The problem for Reinsdorf is that voters remain steadfast in their objections to putting billionaires on the dole in such a manner. That's why team owners and their valets go to great pains to not subject stadium-funding plans to public referendum – those referenda almost fail. The people must not have a voice unless it's to assent. Now, though, there seems to be a groundswell of elected leaders who are actually willing to bow to the facts and treat hat-in-hand subsidy demands like the boondoggles they are. That seems to be the case in Illinois and in Nashville, though maybe not in Las Vegas.

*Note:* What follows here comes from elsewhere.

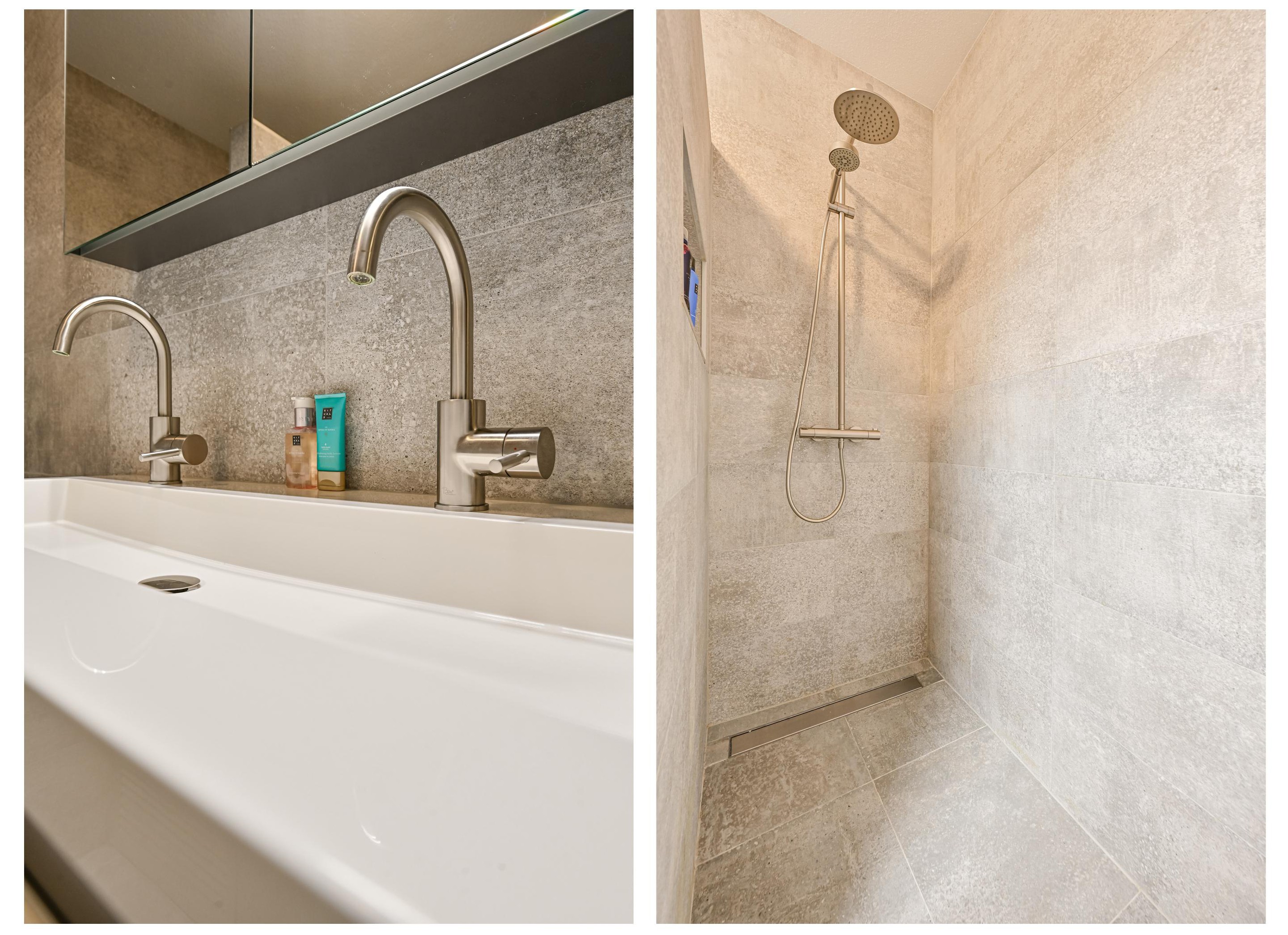 De badkamer is modern en compleet uitgevoerd met vloerverwarming, mechanische ventilatie, een ruime inloopdouche, een ligbad met bubbelfunctie en een dubbele wastafel met meubel.

Then we get back to the present thrust of things. The "would be a shame if something happened to the team you love" threats dear to Reinsdorf and other MLB owners get defanged quite a bit when the team in question is unparalleled in its on-field failures. Hoarding 123 losses or so in the season immediately following the onset of those righteous demands is an ugly look but more importantly it moves people to just say "goodbye to all that" rather than giving the billionaire what he wants. Careful or my boys might one day sell the team registers as more promise than threat right about now.
Fans and even players themselves are too often inclined to think of the owners of their teams in paternal fashion, but that regrettable dynamic has its limits. Reinsdorf, it seems, has spent the better part of the last half-century testing those limits. Much like his team on the field yesterday, today, and probably tomorrow, he's failed.